Female Reproductive Pharmacology - Gauthier Flashcards
Recall 3 endogenous human estrogens.
Which is most potent? Least?
Which is derived from testosterone? Androstenedione?
17b-Estradiol, Estrone, Estriol
17b-Estradiol is most potent, Estriol is least (urine metabolite)
Aromatase converts testosterone to 17b-estradiol, and androstenedione to estrone.
Compare and contrast the kinetic properties of estrogens and progestins.
Both are serum protein-binding (estrogens to SHBG/albumin, progestins to CBG/albumin)
Both are metabolized by the liver and have a high first-pass effect.
Presumably, both undergo enterohepatic recirculation.
Compare and contrast the estrogen and progestin receptors.
Two subtypes of either: ERa+ERb/PRa+PRb
A cell membrane receptor for estrogen has been assumed to exist.

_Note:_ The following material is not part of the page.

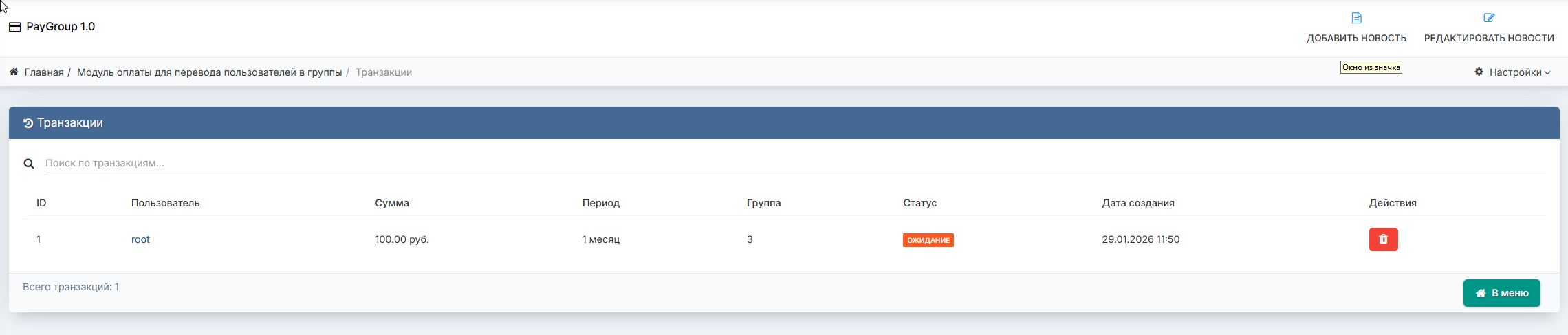 - Автоматический перевод пользователя в группу после оплаты
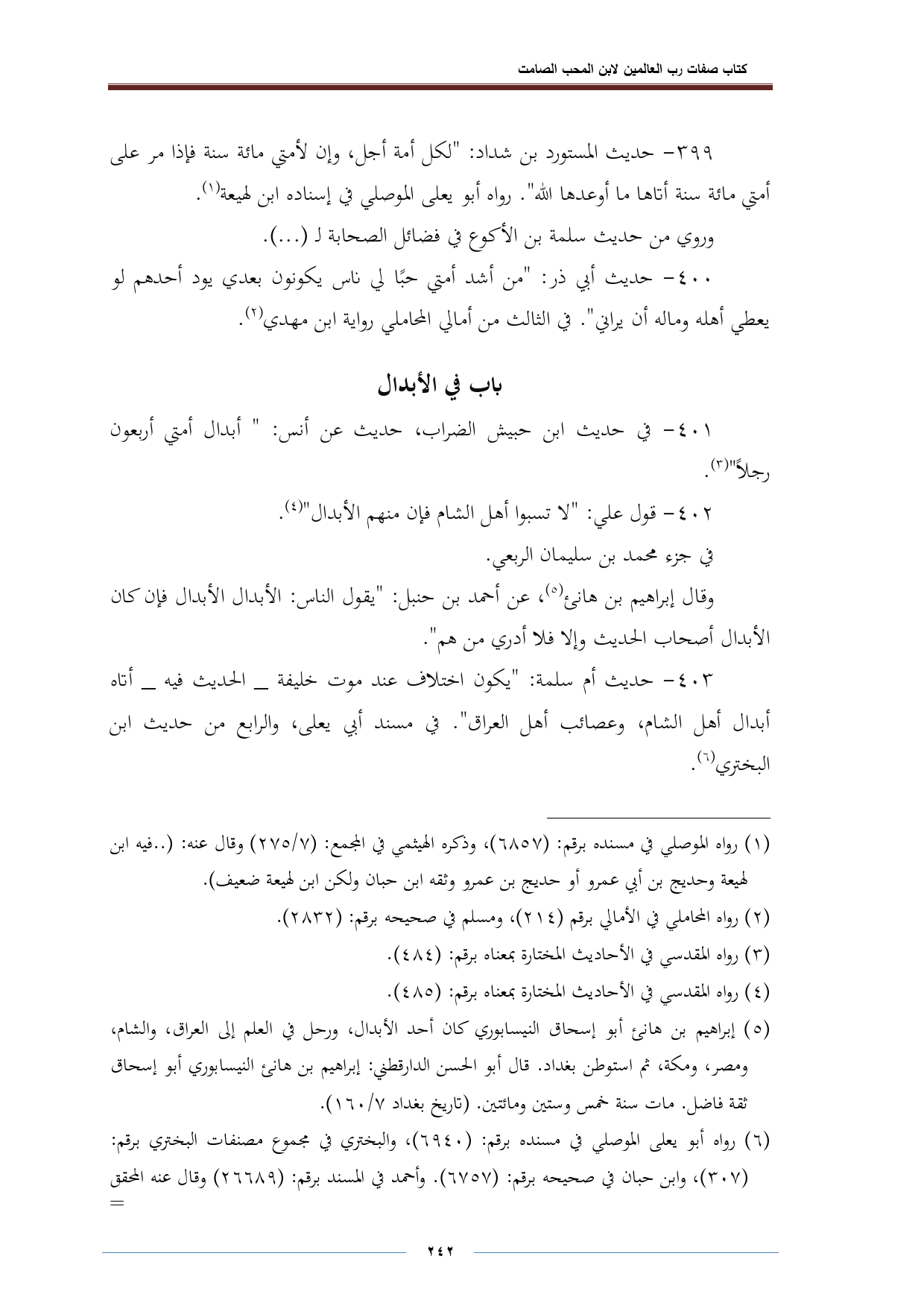 ٤٠٠ - حديث أبي ذر: "من أشد أمتي حبًا لي ناس يكونون بعدي يود أحدهم لو يعطي أهله وماله أن يراني". في الثالث من أمالي المحاملي رواية ابن مهدي (¬٢).

There are 8-10 listed physiological effects of estrogen. Try to recall as many as you can.
Feedback regulation of gonadotropin release
Positive effects on bone mass, skeletal maturation, epiphyseal plate closure
Alterations of clotting/fibrinolysis and bile composition
Changes in cervical mucus and endometrium
Enhanced tubal contractility
Lipid profile shift (+TGs, -Chol)
Among the effects of estrogens are “alterations of clotting, fibronolysis, and bile composition”.
Try to better characterize specifically how these are altered.
Inhibition of PAI-1 with a concomitant increase in fibrinogen leads to a prothrombotic state.
Increased cholesterol comoposition and decreased bile acids in bile predisposes to gallstones.
There are 4 listed physiologic effects of progesterone. Try to name all of them.
- Decreases the frequency of GnRH pulses (suppresses gonadotropins)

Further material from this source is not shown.